A different scenario, instead, occurs when dealing with individuals for the classes npdv:ExplorationWellbore and npdv:ShallowWellbore, since they are built out of the same template npdv:wellbore/{}. Since these two classes should be disjoint, according to the axiom ExplorationWellbore owl:disjointWith ShallowWellbore in the NPD ontology, the same uri should never be produced for both. Being the templates the same, this can only be achieved by ensuring that there are no values in common for the columns exploration_wellbores.id and shallow_wellbores.id. Observe that this is indeed the case in the considered instance D, since exploration_wellbores.id contains only odd numbers, as opposed to shallow_wellbores.id which contains even numbers. VIG is able to guarantee the disjointness on a scaled instance D’ of D. This is done by retrieving all sets of columns that could be possibly joined (i.e., by looking for those columns that occur in the same position of the same URI template), and by evaluating the selectivities of such joins on D so as to reproduce them in D’. The next example gives an intuition of the mechanism:
Consider the template npdv:wellbore/{} appearing in the mapping. The template has a single position/placeholder, which in the mapping is filled by the following set of columns:
Cc := {exploration_wellbore.id, shallow_wellbore.id}
VIG calculates such sets for each template appearing in the mapping file. For each of such sets Cc, VIG evaluates the selectivity for all possible joins between columns in Cc. In our example, VIG will evaluate the number of distinct results in the query
SELECT DISTINCT(exploration_wellbore.id) FROM exploration_wellbore JOIN shallow_wellbore
Such query returns 0 results when evaluated over D. VIG collects this statistics as a characteristic that should displayed by the data to be generated. In other words, VIG will generate data a scaled instance D’ so that the same query, when evaluated over D’, will return 0 results as well. Observe that this is enough to guarantee that the disjointness between the classes npdv:ShallowWellbore and npdv:ExplorationWellbore is maintained for the instance D’ and the considered set of mappings.

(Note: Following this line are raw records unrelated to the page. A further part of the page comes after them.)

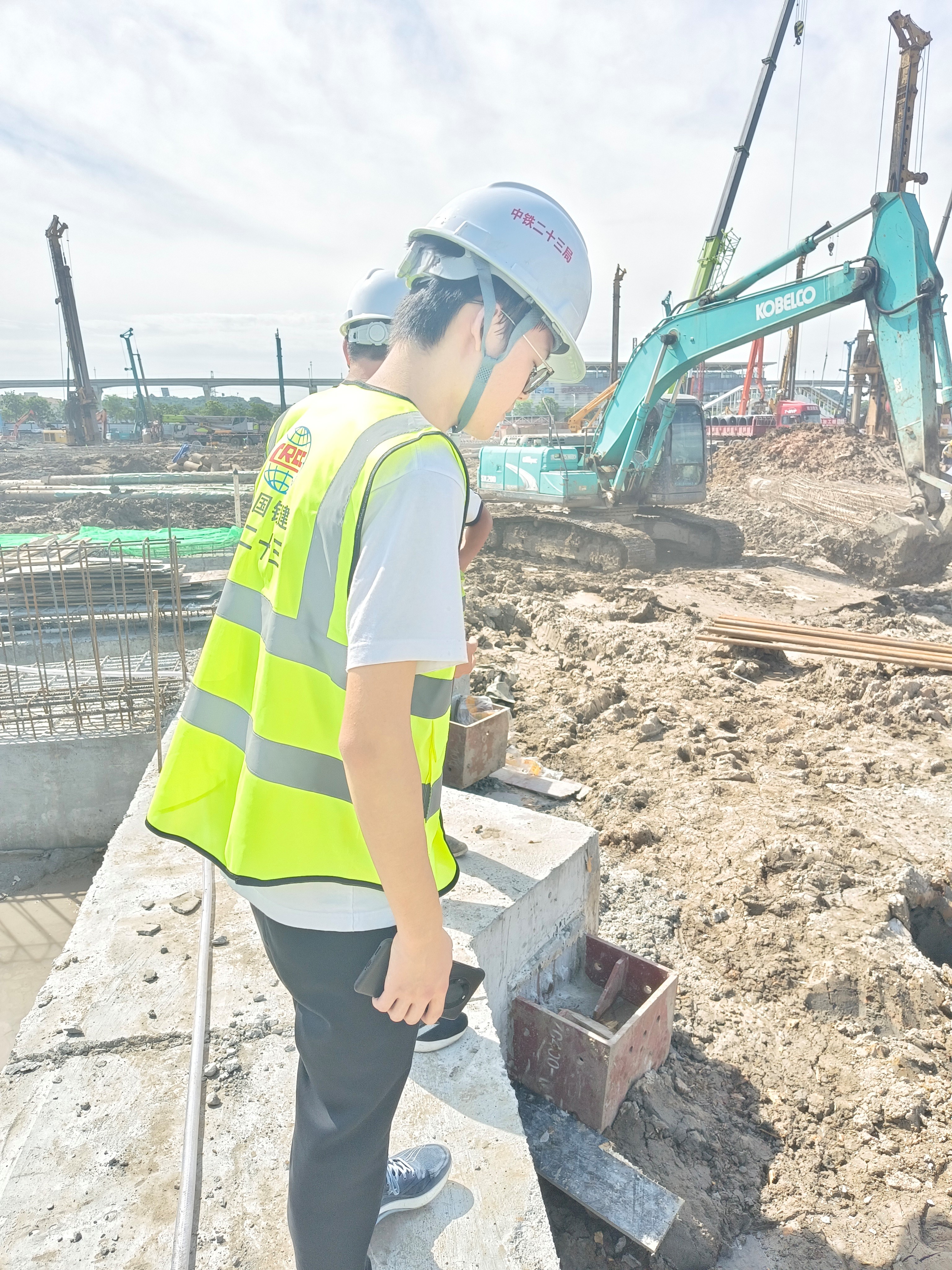 一踏入工地,我们便被要求穿戴好安全帽、防护眼镜等以确保安全。随处可见的安全警示牌和严格的安全操作规程,提醒着每一位在场人员对安全的重视,这是我们实践的第一课。
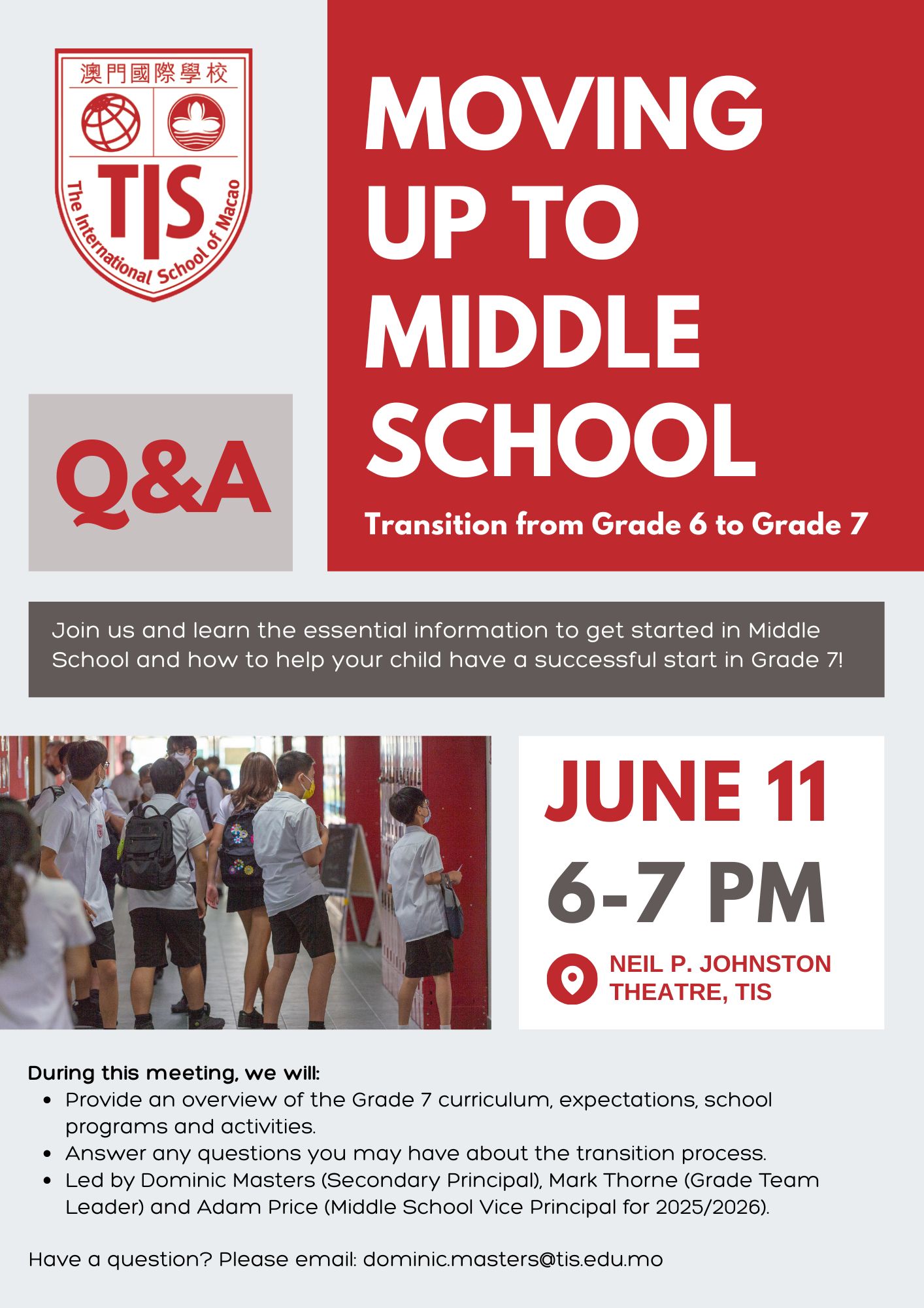 This Meeting will be lead by Secondary Principal Mr. Masters, Mr. Thorne (Grade team leader) and Mr. Price (Middle School Vice Principal for 2025-2026).
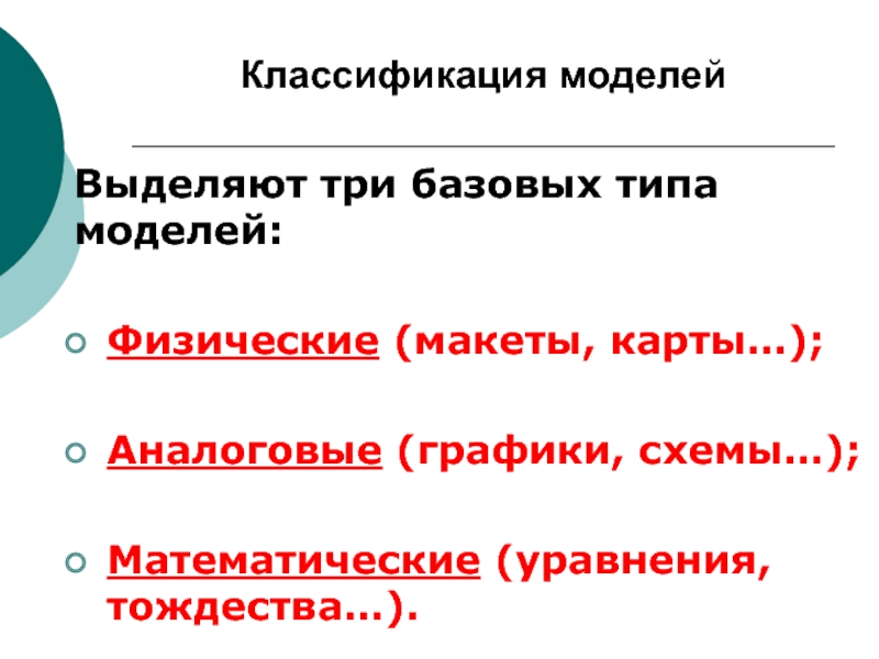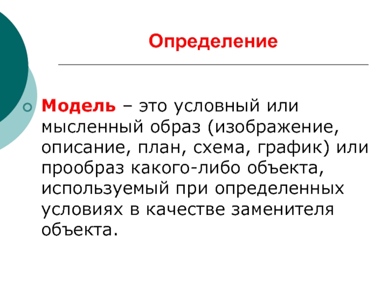 Модель – это условный или мысленный образ (изображение, описание, план,
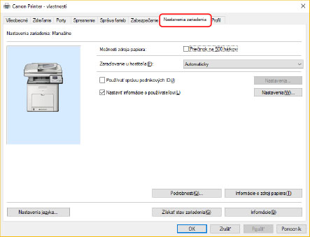 Pomocou týchto nastavení môže ovládač používať funkcie zriadenia a správne tlačiť.
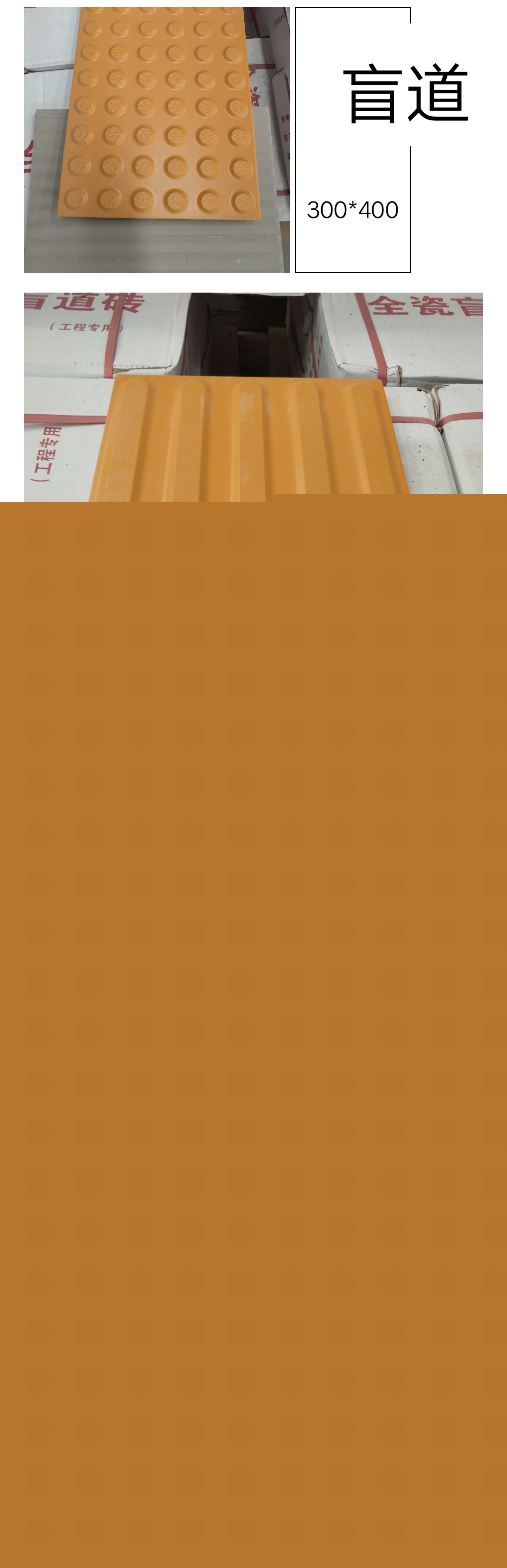 盲道磚顏色:灰色、深灰、黃色(另有通體微晶石出售,盲道磚旁邊鋪的白色安全線)

Currently, the mentioned analysis is carried on only on mappings whose source part consist of a single table. Observe that VIG is able to reproduce disjointness at the column level, but not at the tuple level. This means that disjointness constraints in the ontology over classes whose individuals are built out of the values in a tuple, rather than in a single column as in our example, is not guaranteed.